There is little doubt about the value of information to businesses of all sizes. In fact, some of our recent research found that worldwide spending on business information is $1.1 Trillion – enough money to buy an iPad for every worker in the world. Information is the life blood of any organization, and often its biggest asset. While electronically stored information (ESI) is most often an asset, it can also be a liability depending on how much it costs to store, if it is retained indefinitely, and especially if information that is no longer needed is inadvertently distributed outside of the organization.
It is necessary for companies to have an information retention plan to manage this ever-growing volume of electronically stored information, and implementing that plan to reduce risk, save on resources and protect against compromised legal positions. The 2012 Information Retention and eDiscovery Survey found that despite realizing the importance of governing information, many companies fall short in creating, implementing and following information retention plans.
Number of companies with no retention policy cut in half
The survey found that the percentage of organizations that don’t have a formal information retention plan in 2012 improved by 50 percent from 2011. Fourteen percent reported they didn’t have an information retention plan in 2011 – this was dropped by half to 7 percent in 2012.
In addition to that year over year improvement, the survey highlights that nearly two-thirds (60 percent) of organizations say they have a formal retention plan and only one-third (34 percent) of organizations report their plan is fully operational. And, 35 percent of organizations who don’t have a plan in place report that they don’t see a need for having a plan.
Having a process and plan in place to manage information properly is fundamentally important to keeping costs and resources in check and protecting against risk.
A lack of a plan often leads to failure.
ESI requests fail a third of the time
The study also demonstrated that organizations are largely unprepared to deal with requests for electronically stored information for legal, compliance or regulatory reasons. Organizations report that requests to produce electronically stored information required failed 31 percent of the time. Each time a failure occurs, the organization is at risk. Respondents said that the inability to make decisions in a timely fashion, damage to reputation, compromised legal position, fines, court sanctions and raised profile as a litigation target are some of the consequences of these failures.
Failures have consequences.
A gap exists between retention beliefs and practices
Although organizations believe some data should be deleted, it is often kept indefinitely. Eighty-one percent said that a proper information retention plan allows organizations to delete information on an ongoing basis. However, 42 percent of backups are indefinitely retained by organizations.
When data is kept indefinitely, it not only adds to storage costs, but causes confusion about how the organization’s information retention plan should be followed. The study found information that is deleted by organizations is often deleted without considering established retention policies.

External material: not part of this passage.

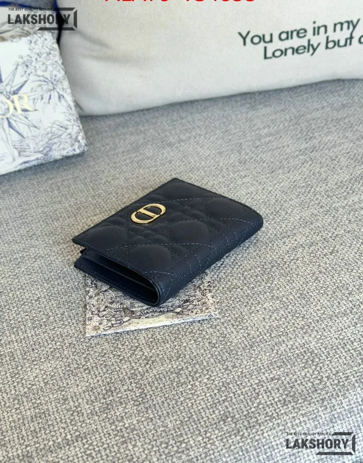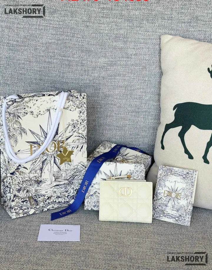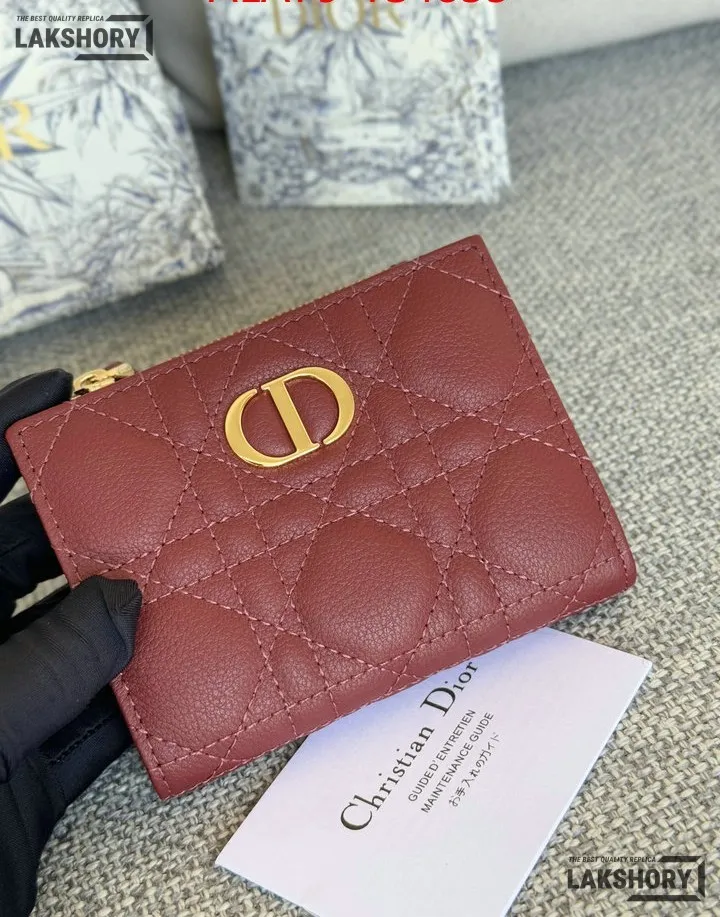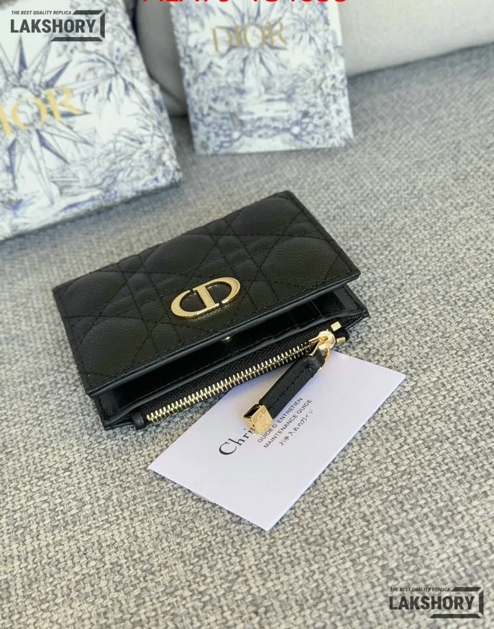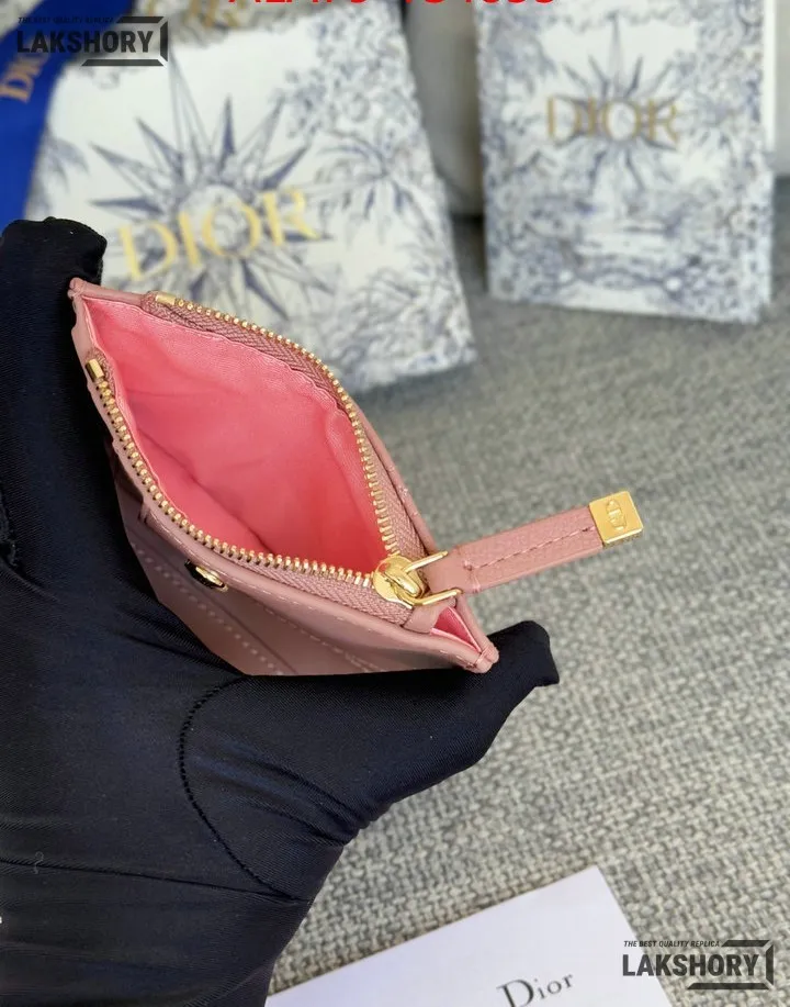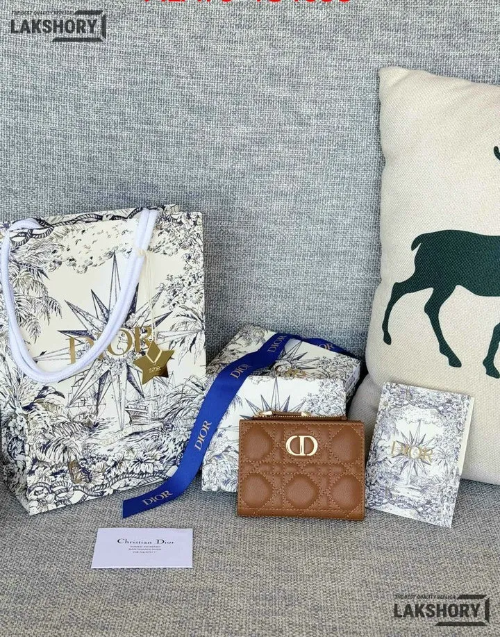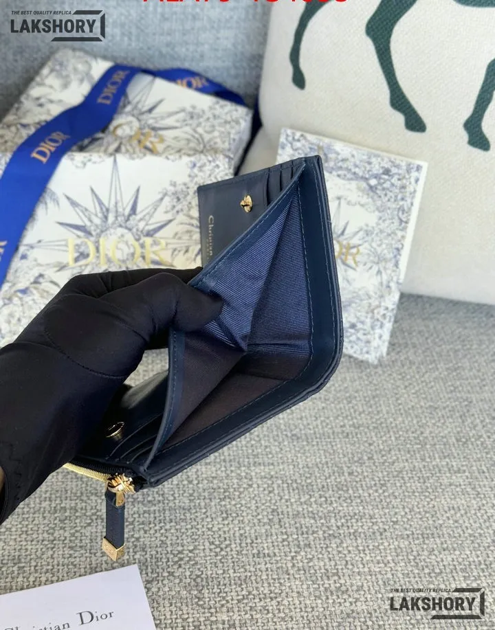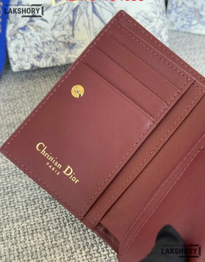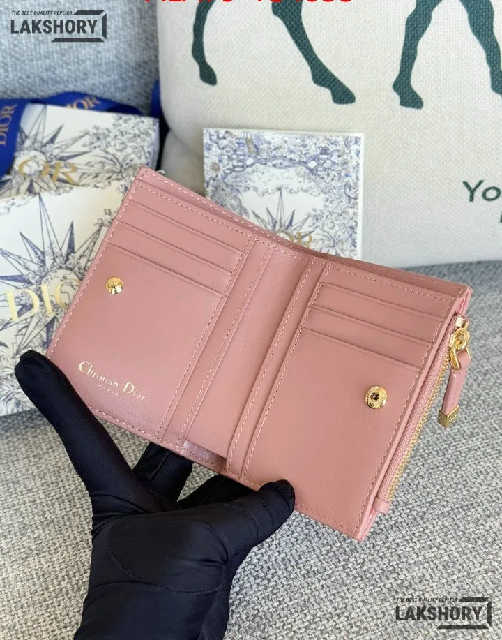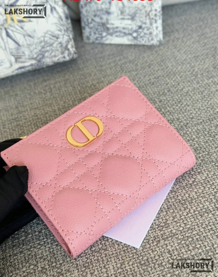 Dior 1:1 Mirror Replica Grained Calfskin Supple Cannage Caro Dahlia Wallet 11.5CM/4.5IN
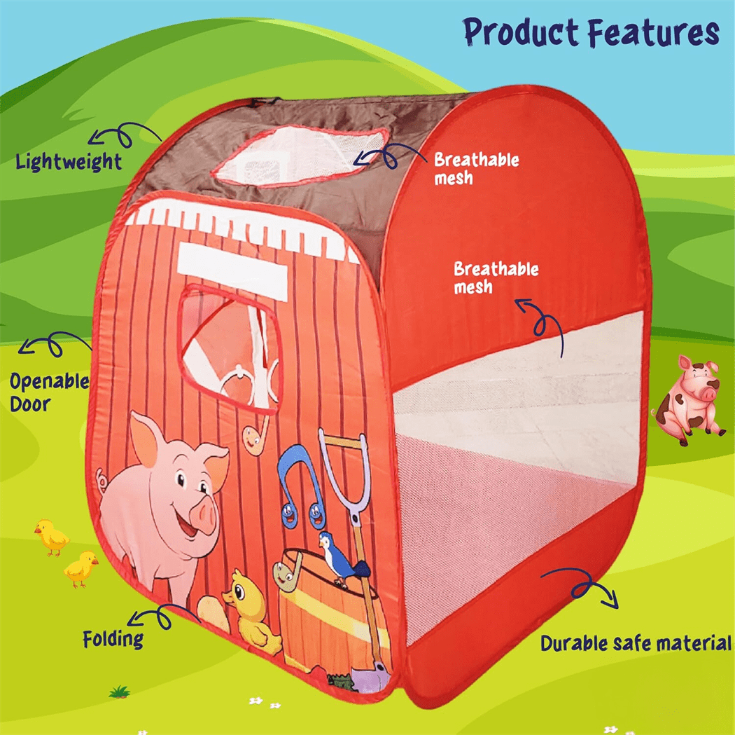 Imaginative Play – The vibrant farm animal prints inspire creative storytelling and role-play, turning the tent into a fun world of barnyard adventures. Kids can pretend they’re farmers, caring for animals and running their own little farm. |

Not following plans and processes leads to improper deletion or infinite retention.
Consequences of infinite retention
The survey also identified some of the negative consequences resulting from preserving more electronically stored information than necessary. These include:
- Increased costs associated with collection, analysis and review (54 percent)
- Increased time spent to collect, analyze and review ESI (47 percent)
- Increased risk that sensitive information may be disclosed (44 percent)
- Compromised position in potential or actual litigation (27 percent)
- Unintentionally made information available for potential future litigation (28 percent)
These consequences are avoidable.
Update your plans to avoid infinite retention
As the title of this blog post suggests, if you fail to implement or follow an information retention plan, then you might as well plan to fail. However, by incorporating the following recommendations into your information retention planning, you can alleviate many of the consequences of infinite retention:
- Adopt a defensible deletion mindset: When organizations can adopt a defensible deletion mindset they can delete information with confidence according to their information retention policies.
- Err on the side of fewer, rather than many, retention policies: This improves the odds of successful information governance. Start with deleting obvious unnecessary files, then set minimum retention periods for compliance. Additional policies can be added later, if necessary.
- Automate privacy, retention and compliance policies to reduce risk: Allowing your policies to automatically work as they are designed not only reduces the risk of inconsistencies in policy implementation, but reduces the risk of unintentional access or distribution of information.
- Implement a solution in which legal holds can override expiry policies: Consider a unified eDiscovery solution where legal holds can be easily implemented to override expiry policies to avoid spoliation and sanctions.
- Don't use backups for long term retention: Backups are for recovery, archiving is for discovery. Deploy an archiving solution to quickly and easily respond to search requests for electronically stored information.